Elantra wagons come in two flavours: base GL and upscale GLS.

My GLS appeared well screwed together and carried ample equipment, including dual airbags; power windows, locks and mirrors; air conditioning; cruise; and a locking gas cap. I gladly accepted the absence of a sunroof for the extra headroom.

The instrument panel is easy to use, but strains for flamboyance. The designers would have been smarter to emulate the exterior's low-key appeal.

The four-spoke steering wheel on my copy had a manual tilt adjustment that proved balky at times.

Seats are unusually comfortable; even the rear bench offers good lumbar support.

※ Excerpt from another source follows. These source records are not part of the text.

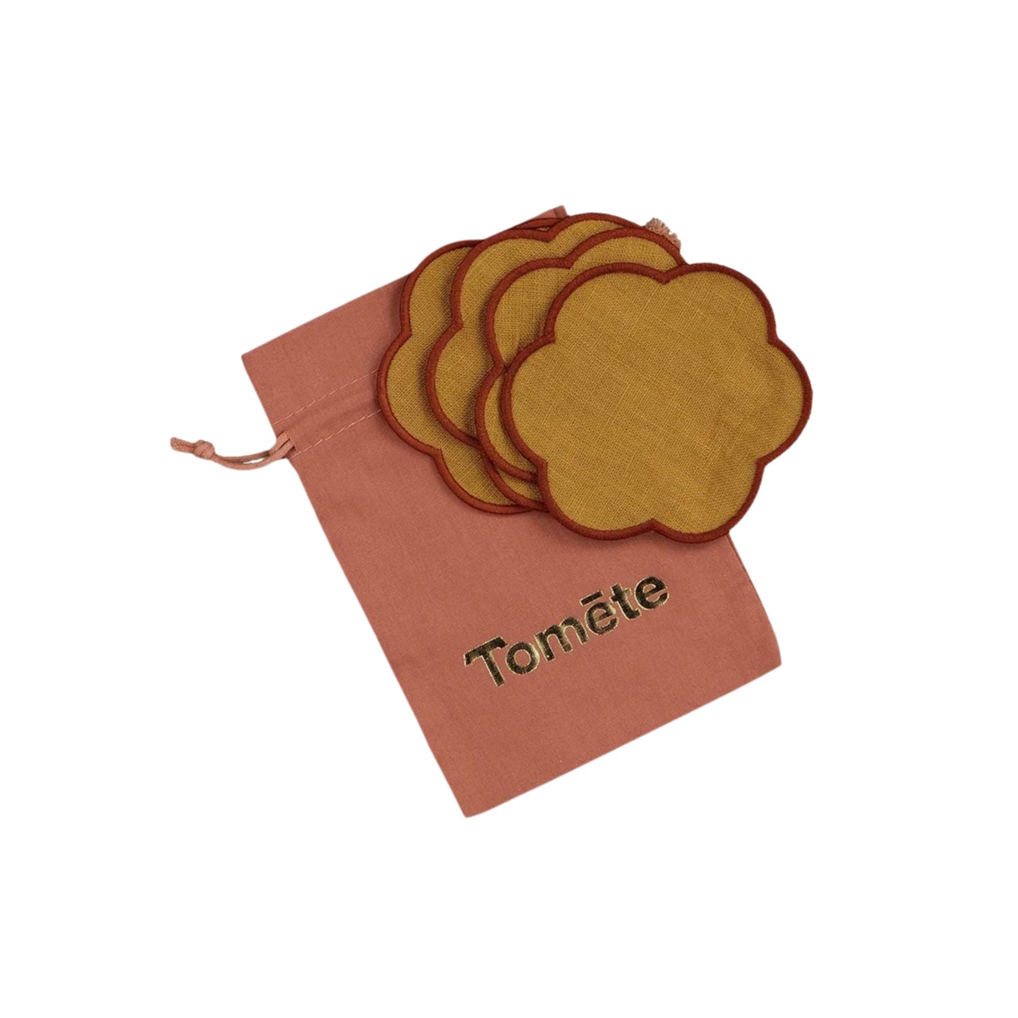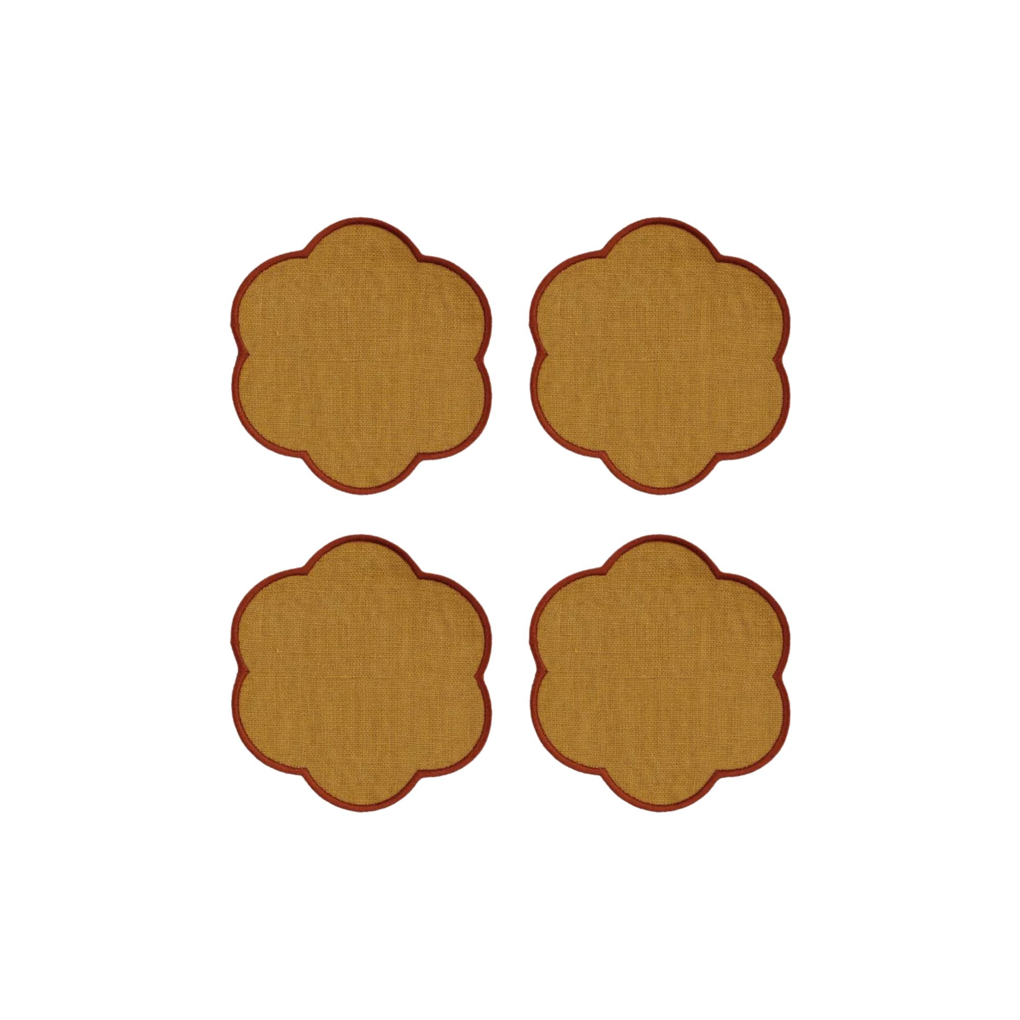Set of 4 scalloped linen coasters - Yellow ochre & Terracotta
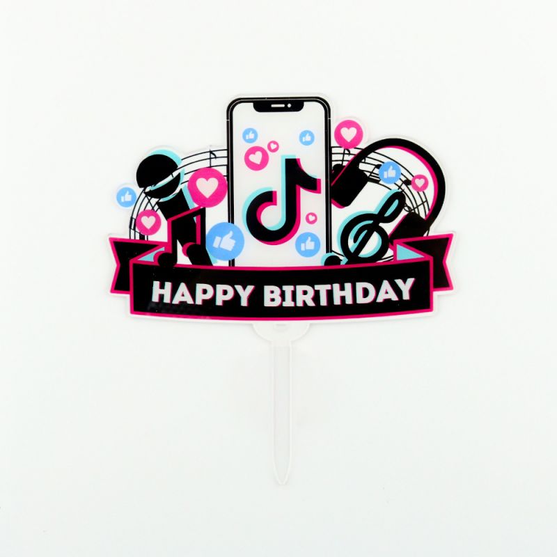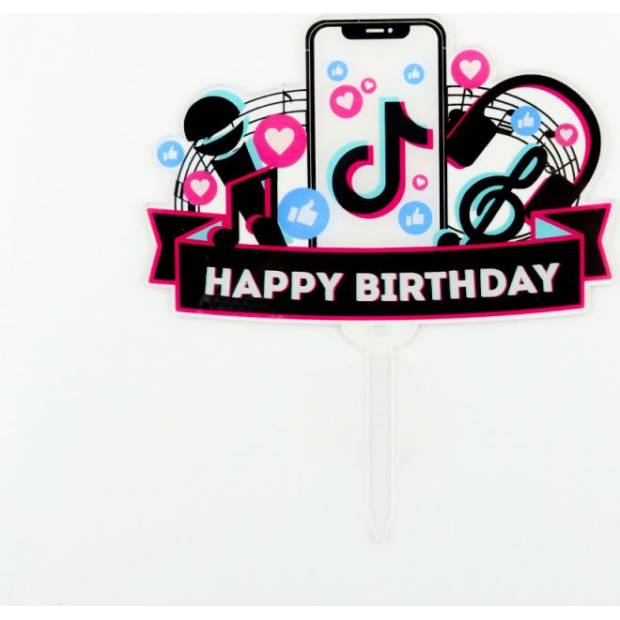 Für Teenager gibt es hier einen tollen Cake-Topper mit TikTok-Motiv. Er besteht aus gesundheitlich unbedenklichem Kunststoff.
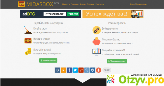 Речь идет о сайте Midasbox net, который помогает зарабатывать играючи! Вообще, по сути, данный проект является рекламной лотереей. Основную прибыть он зарабатывает на деньги работодателей, которые размещают на нем свою рекламу. Так что, чтобы иметь возможность принять участие в лотерее, необходимо будет на этом сайт отключать как свой любимы адблок, так и антибаннер. Но это не так и страшно. Тем более плюс для тех, кто ищет возможность, чтобы разместить свою рекламу: на сервисе Midasbox net ее всегда увидят все посетители!
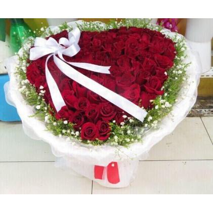 99只红玫瑰,心形白色软纱包装,满天星米兰外围,
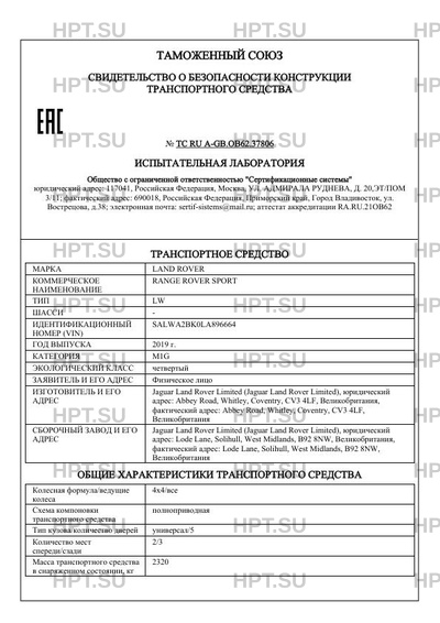 | Предприятие-изготовитель | Jaguar Land Rover Limited (Jaguar Land Rover Limited), юридический адрес: Abbey Road, Whitley, Coventry, CV3 4LF, Великобритания, фактический адрес: Abbey Road, Whitley, Coventry, CV3 4LF, Великобритания |

That and back windows that go almost all the way down made the rear a pleasant perch for me.

You also get good rear head- and toe-room, but knee-room is a little tight if you're behind a six-footer.

With the 60/40 split rear bench folded flat, cargo capacity is 1784 L, which Hyundai says is tops among compact wagons.

The cargo area is relatively close to the ground, making for easy loading, but I couldn't stand fully upright under the hatch.

Elantra wagon prices start at $15,595, plus tax, for a base GL with a five-speed manual gearbox. Adding a $950 four-speed

automatic boosts the sticker to $16,545.

A GL Value Package (automatic; air; power windows, locks and mirrors) is yours for $1900. Metallic or mica paint is an extra $125. An $875 ABS package, which my car didn't have, is also available.

The loaded GLS, which comes only with an automatic, lists at $18,845.

Loonie-pinching consumers should approve of this line on Hyundai's Elantra price sheet: "Dealer may sell at prices below those suggested without fear of recrimination from Hyundai Auto Canada."

Warranty coverage: three-year/60,000 km bumper-to-bumper and five-year/100,000 km powertrain protection. You're covered against rust through for five years. You also get three years or 60,000 km of roadside assistance.

Time with the '99 Elantra makes you realize how far Hyundai Motor Co. has come. It was only founded in 1967, yet today its vehicles are finding growing acceptance in markets around the world.

Even picky Car and Driver magazine, in a review this month of the Tiburon FX, pronounces the coupe a "viable competitor" and declares Hyundai "a company officially exonerated from doghouse status."

The South Korean firm, incidentally, has scrapped plans to sell its new minivan, codenamed the FO, in North America, admitting it's too small and underpowered for here. The van goes on sale in South Korea this fall.

Instead, Hyundai plans to bring in the Kia Carnival van in early 2000. In production for about a year, the Carnival will be renamed the Sedona for our market. It reportedly will have a 3.5 L Hyundai V6.

Hyundai took over financially ailing Kia Motors Corp. last October and is keeping the Kia brand.